The first, but not the only: BJ’s and Target have made similar commitments. And the trend has only picked up steam after the U.N.’s Food and Agriculture Organization reported that 80 percent of fisheries were fully exploited, overfished or recovering from depletion.
“I always say: if you enjoy the ocean and you want it here for future generations, and you want the bounty that the ocean provides for future generations, you really should care,” said Mello.
It’s something avid fish consumer Terry Drucker cares about. He said he wouldn’tgo to another supermarket if Whole Foods stopped selling certain fish.
“I guess if they’re pulling it, I’d guess there’d be a good reason for that and I’d try to avoid it — like I didn’t eat swordfish for a long time when I thought they were endangered,” he said.
The supply side
But Gloucester fisherman Russell Sherman wasn’t taking the bait.

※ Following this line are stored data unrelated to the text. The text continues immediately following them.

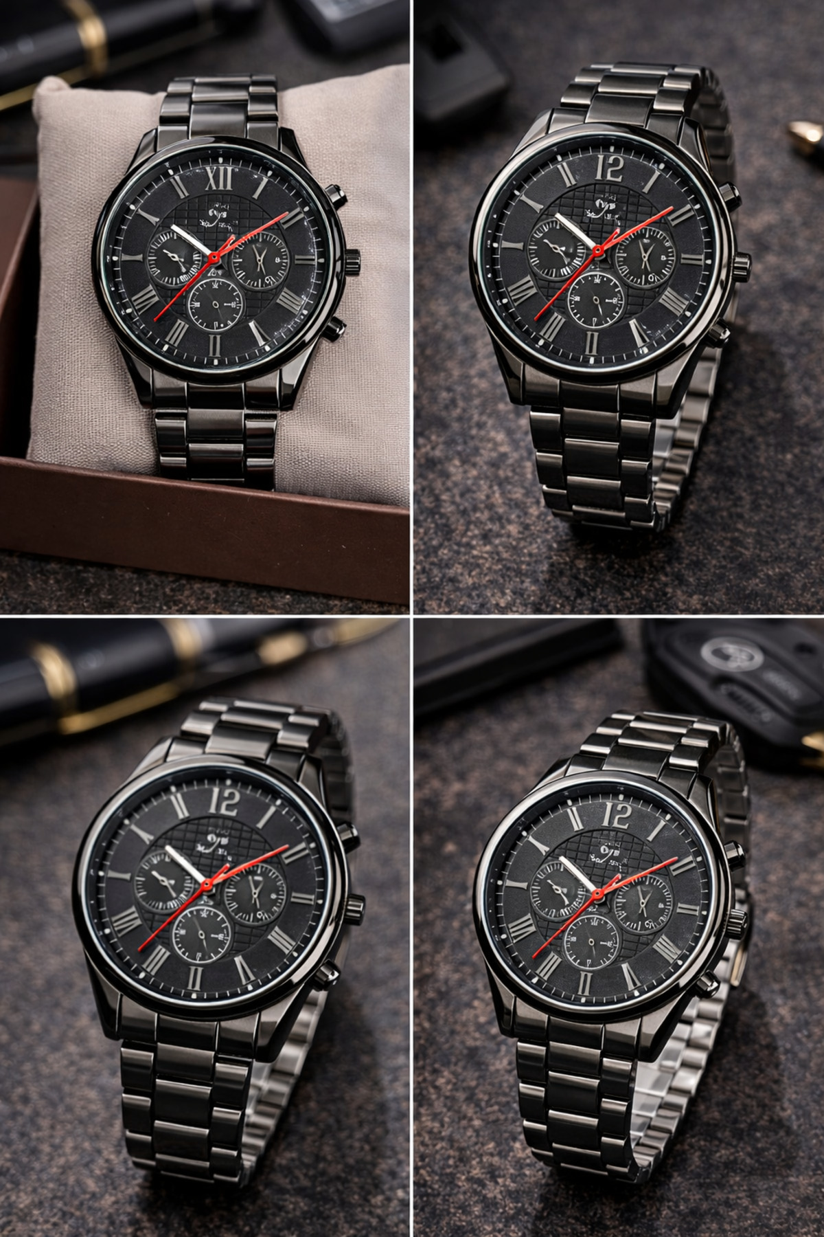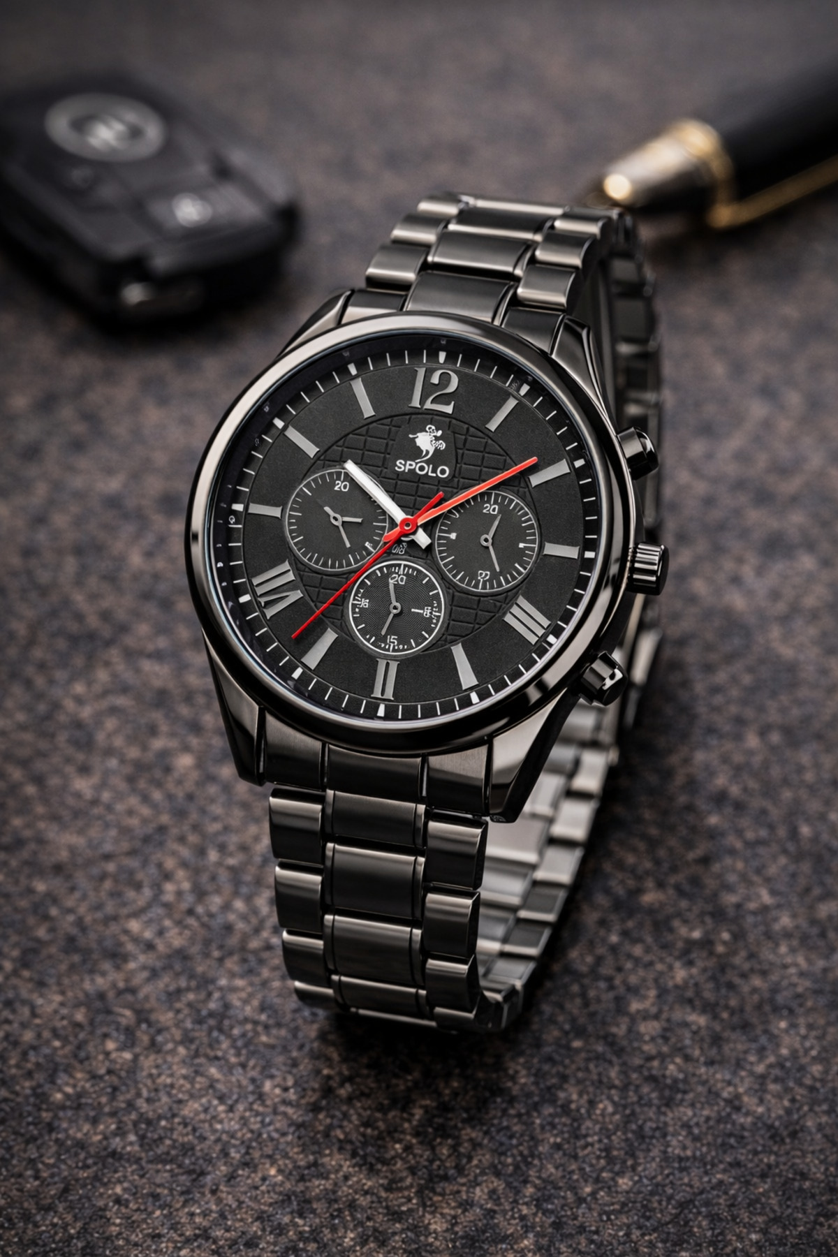 SPOLO Erkek Kol Saati Siyah Metal Kordon Analog Quartz Modern Tasarım
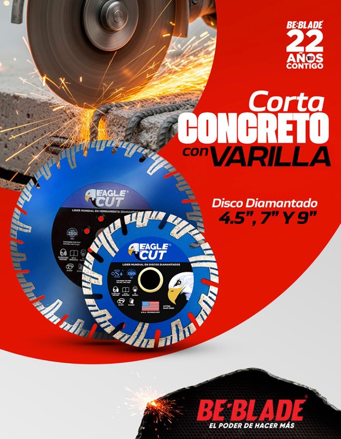 El concreto con hierro, o concreto reforzado es un material muy utilizado en la construcción. Por eso la importancia del Disco BE BLADE CH GRAN; ya que son pocos los discos diamantados que cortan concreto con hierro.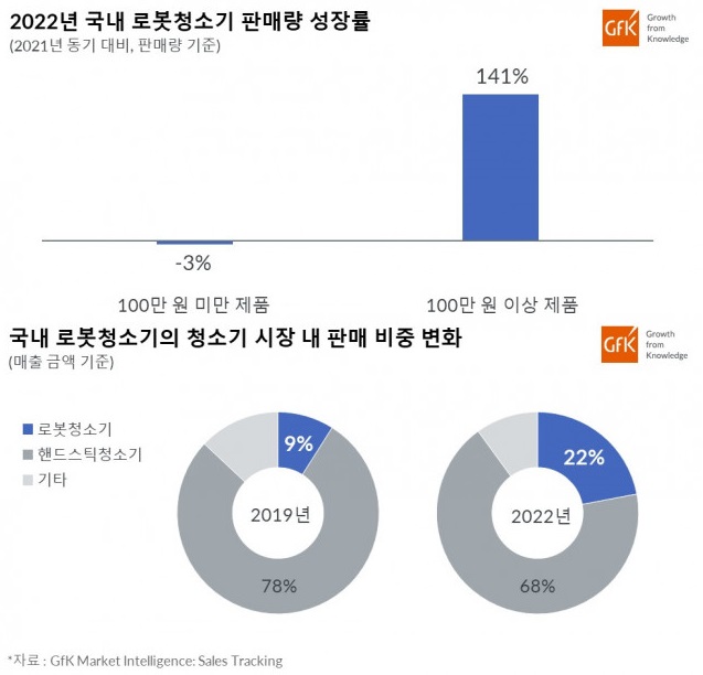GfK는 “기존 로봇 청소기보다 많게는 2배 이상 비싼 제품들임에도 청소에 걸리는 시간과 노동에서 더 자유로워질 수 있도록 하는 하이엔드 기능을 원하는 소비자층이 확대되면서 높은 판매 성장을 보였다고 평가했다. 실제로 지난해 100만 원 미만의 제품의 판매 수량은 3% 감소했지만, 100만 원 이상 프리미엄 제품의 판매는 141% 증가하며 로봇 청소기 시장의 성장을 이끌었다.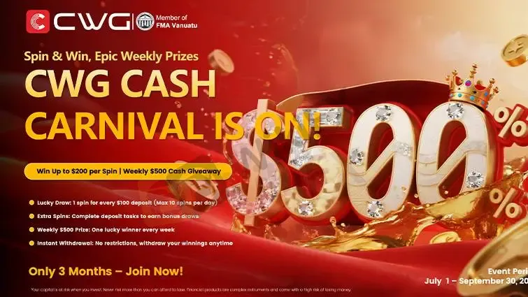 To celebrate the growth and success of CWG Markets, we invite customers from around the world to join the most spectacular Exciting Cash Carnival! By simply participating, every user has the chance to win generous cash prizes. Each day, lucky users will be drawn to receive up to $200 in cash rewards, and weekly grand prizes of up to $500 in cash are up for grabs!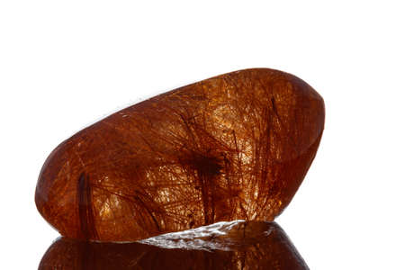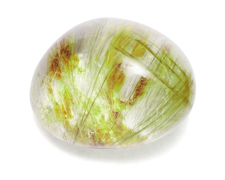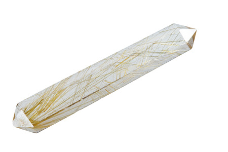 Macro mineral quartz hairy stone, quartz with rutile on a white background close up
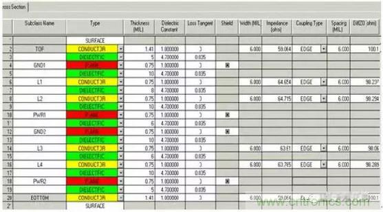 由上麵的分析知道,PCB板的疊層設置和信號的耦合以及阻抗計算都有著密切的關係,所以在開始PCB設計之前必須進行疊層設計,然後進行信號的阻抗計算。在本設計中的疊層設計見下圖: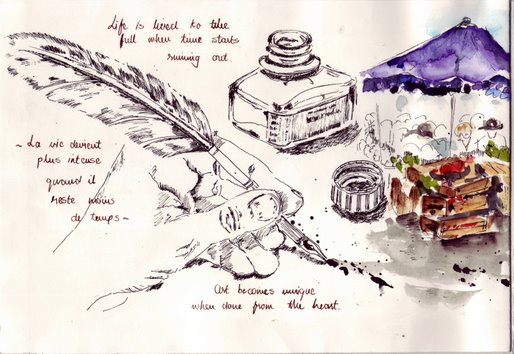 A sketchbook exchange is a wonderful way to move a bit away from what we do normally in our art, “our signature work” so to speak and try out something different, still putting our own “signature” on whatever we do…pushing the envelope. I think that when this sketchbook exchange project is done, we’ll all look back, and discover that apart from the fun we’ve had, we will have learnt new ways, techniques and creative playing-around , grown in directions we wouldn’t otherwise have discovered…I know I will.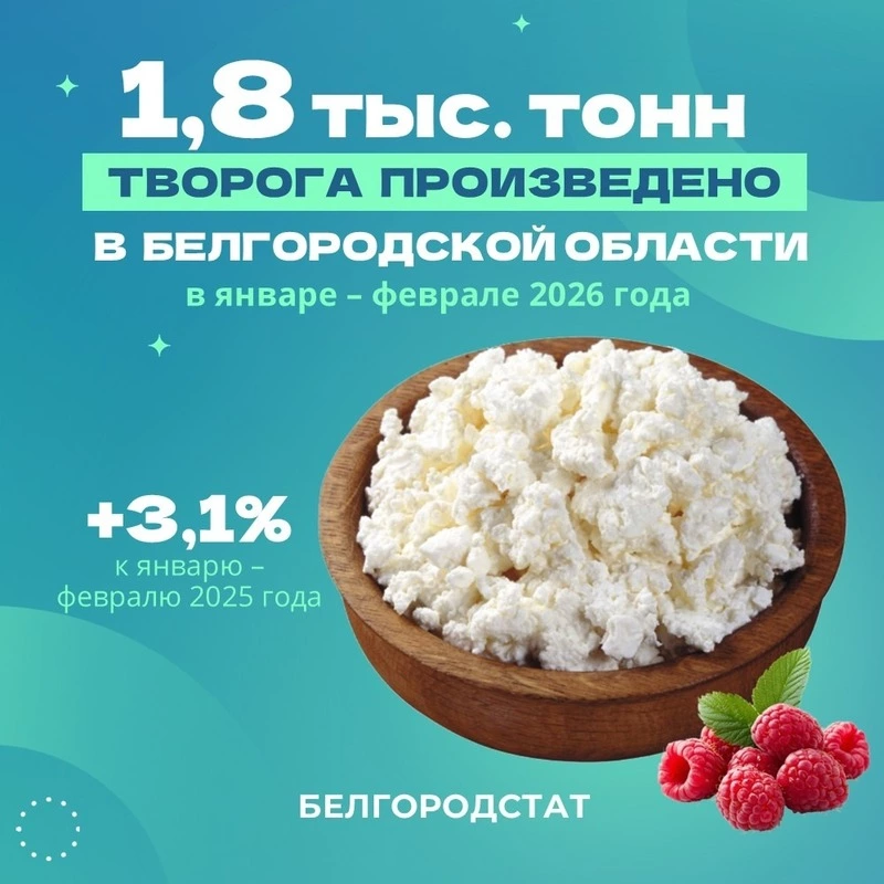 Белгородские предприятия за январь–февраль 2026 года произвели 1,8 тысячи тонн творога. Это на 3,1% больше по сравнению с аналогичным периодом прошлого года.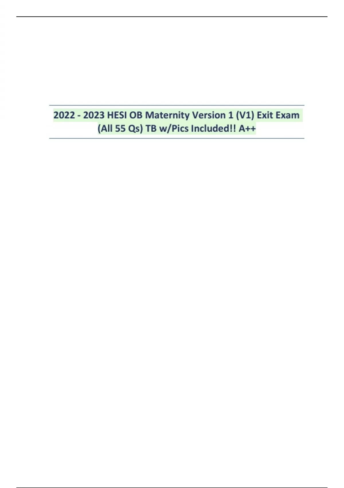HESI OB Maternity Version 1 (V1) Exit Exam (All 55 Qs) TB w/Pics Included!! A++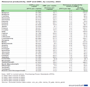 Productivitatea (utilizării) resurselor este, practic, un indicator privind nivelul de dezvoltare și de sofisticare al economiei. Expresia sa matematică este raportul dintre PIB/locuitor (la standardul puterii de cumpărare, deci în cifre comparabile) și consumul material intern (DMC- domestic material consumption). Deci, cu cât o economie produce mai mulți bani dintr-o cantitate dată de resurse consumată, cu atât este mai productivă. Cu alte cuvinte, firmele românești produc de patru ori mai puțini bani consumând aceeași cantitate de resurse precum firmele germane sau franceze și doar jumătate din ce produc ungurii sau polonezii când consumă aceleași resurse!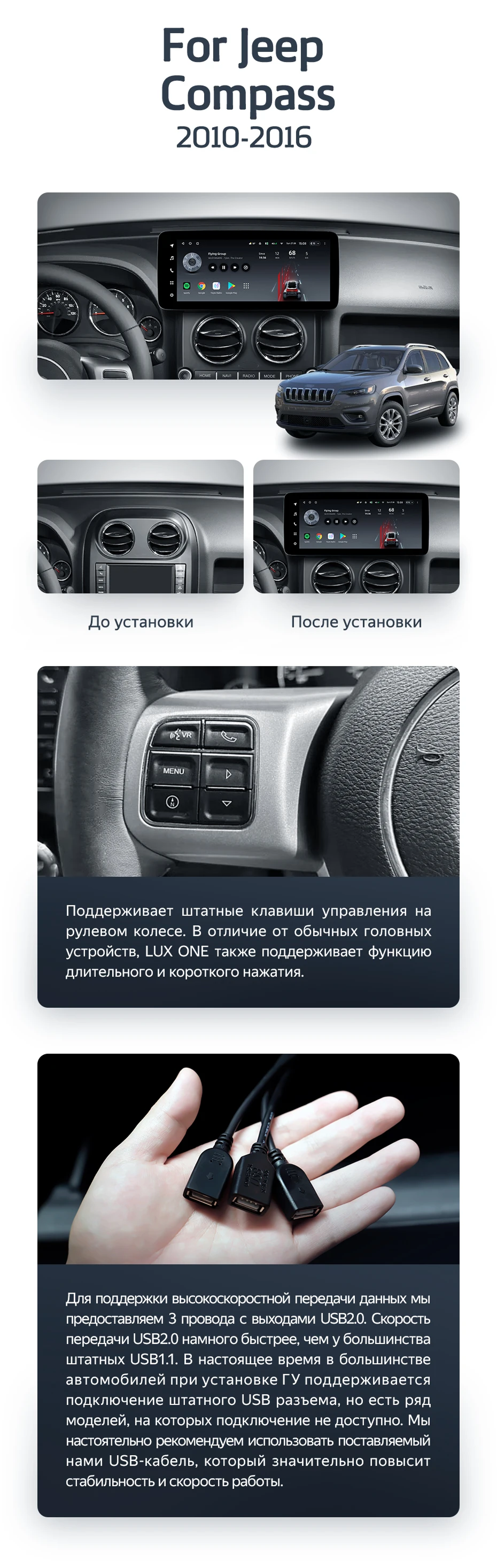 Штатная магнитола Teyes LUX ONE 4/64 Jeep Compass MK (2010-2016) - купить всего за 44 900 руб. в интернет-магазине в Волжском Teyes.com.ru. ✓ Самый лучший выбор мультимедиа ✓ Лучшая замена штатному ГУ ✓ Тел. +7 (800) 775-31-74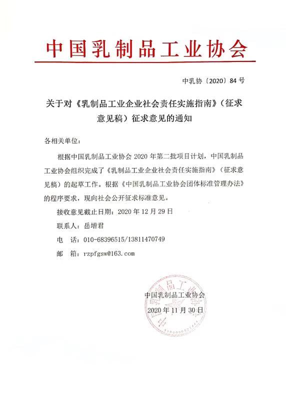 中国乳制品工业协会关于对《乳制品工业企业社会责任实施指南》(征求意见稿)征求意见的通知 (中乳协〔2020〕84号)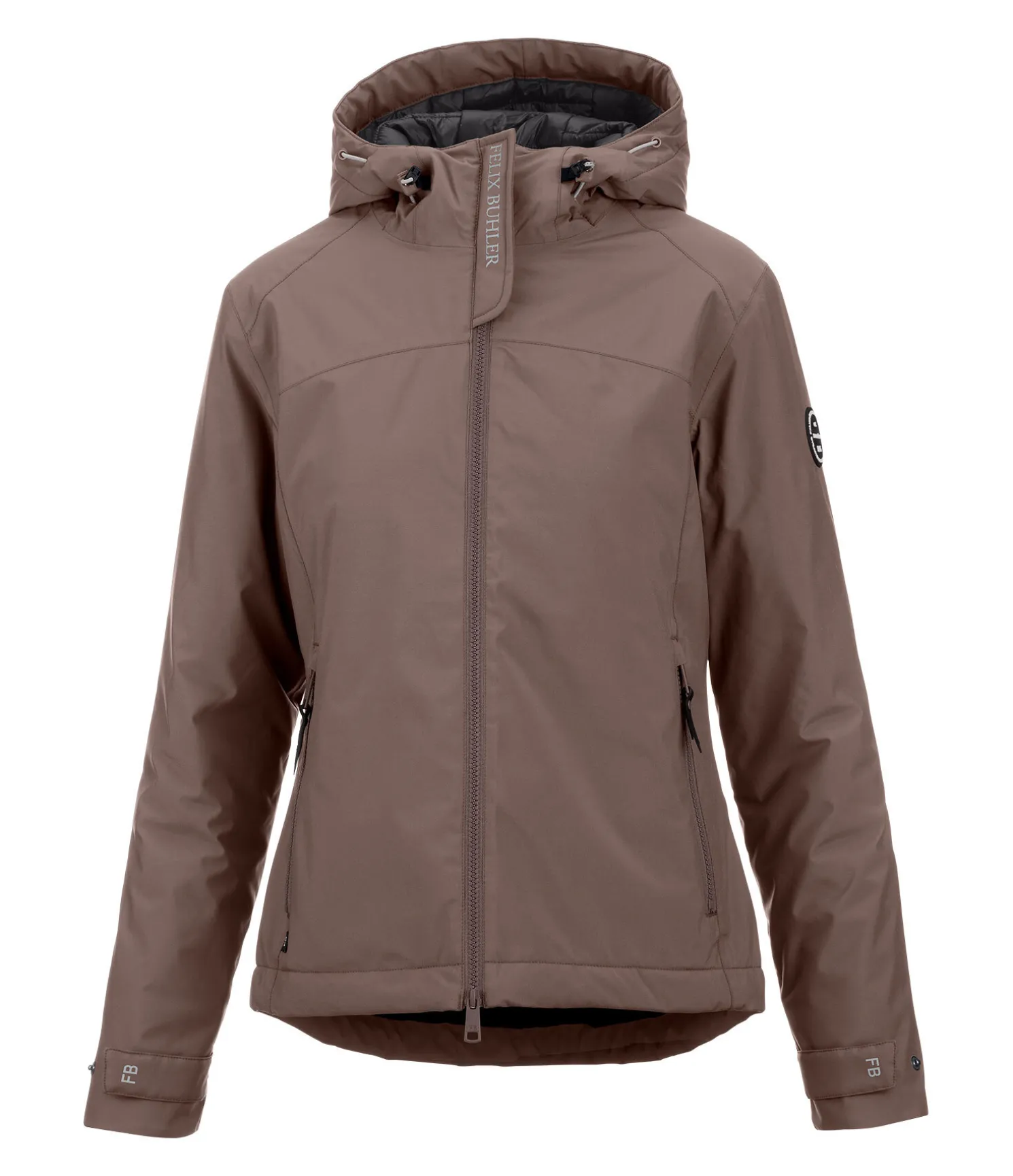 Courte veste d’équitation technique avec garnissage chaud en imitation duvet. Imperméable (10.000 mm), coupe-vent et respirante. 2 poches zippées devant, 1 poche intérieure zippée, fermeture à glissière double sens avec sous-patte, taille et bas des manches réglables, col haut avec capuche rembourrée réglable et pouvant être fixée dans le dos. Badge Felix Bühler sur la manche et imprimé réfléchissant Felix Bühler sur le col. 100 % polyester.
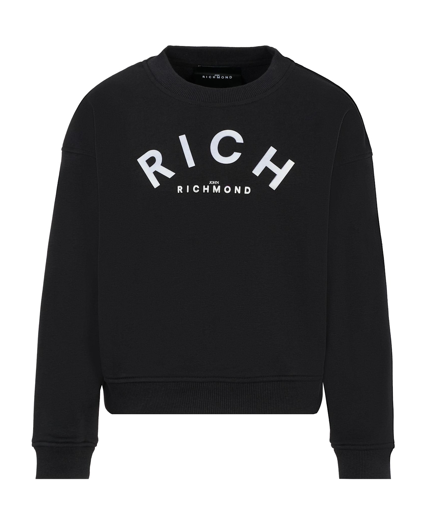 Black sweatshirt made of gauzed cotton, with long sleeves, crew neck, ribbed hem and cuffs. It is embellished with a white logo on the front.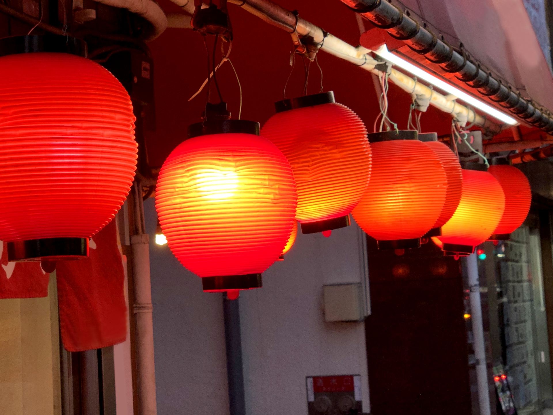 1. 赤ちょうちんと暖簾:親しみやすく目を引く昭和風の演出。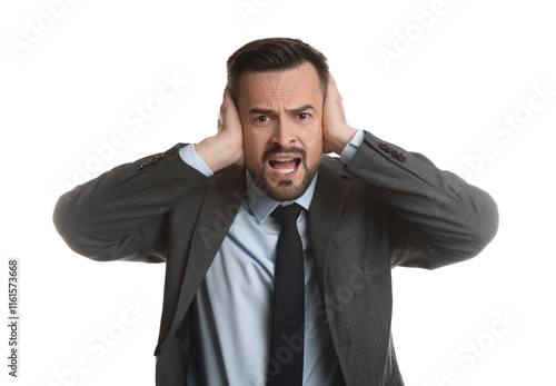 adult, annoyed, annoying, audible, background, caucasian, close, closed, closing, conflict, cover, covering, deaf, ear, gesture, hear, hearing, ignoring, insulation, irritation, isolated, listen, loud, loudness, male, man, model, noise, noisiness, noisy, person, portrait, posing, problem, sound, stress, stressed, studio, suffer, suffering, volume, white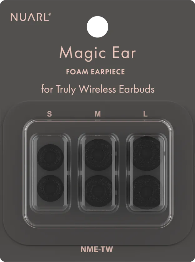 「Magic Ear」フォームイヤーピースは、フォームタイプ・イヤーピースの遮音性とシリコンタイプ・イヤーピースの利便性を兼ね備えたNUARL独自のイヤーピースです。このたびNUARLの完全ワイヤレスイヤホンをご使用のお客様からのご要望に応え、完全ワイヤレスイヤホン専用タイプをご用意いたしました。
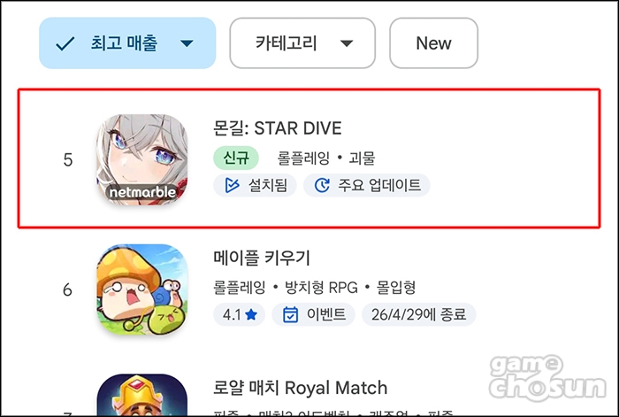 넷마블의 신작 '몬길: 스타 다이브'가 구글 플레이스토어 매출 5위를 달성했다.

“This is a corporate move out of Texas. And to me, it’s basically pandering to their customers,” he said.
Sherman has been fishing the waters off Gloucester for 41 years. And he’s been selling his catch to Whole Foods for the past 6 years. He thought Whole Foods’ decision to stop selling “unsustainable” fish was nothing more than a marketing scheme.
“The government has just issued a statement where five more stocks have become sustainable. And I believe that all of our stocks are on the upward trend,” said Sherman.
Sherman said sustainability is at the forefront of every fisher’s mind, because fish are their livelihood. Plus, he said the U.S. already has the most stringent fishing regulations in the world.
“I think Whole Foods should hold our industry up as a model to the world. We believe in sustainability,” said Sherman. “Each one of us are small businessmen, small entrepreneurs, who depend on the ocean. And I believe that we are the real conservationists in the world.”
The checkout line
Since launching the program on Earth Day, Whole Foods has pulled more than a dozen species fish nationwide. Those fish include sturgeon, turbot, some rockfish and swordfish and tuna from certain fisheries.
Four types are missing from the colorful fish displays locally: trawl-caught Atlantic cod, Atlantic halibut, octopus and grey sole. But Mello said most can be easily substituted.
“Something like grey sole, we’ll get a lot of requests for, so we have a wide variety of fish, different types of sole. One of the types we offer is Pacific Dover sole. Comes from the West Coast and we’ll offer that,” he said.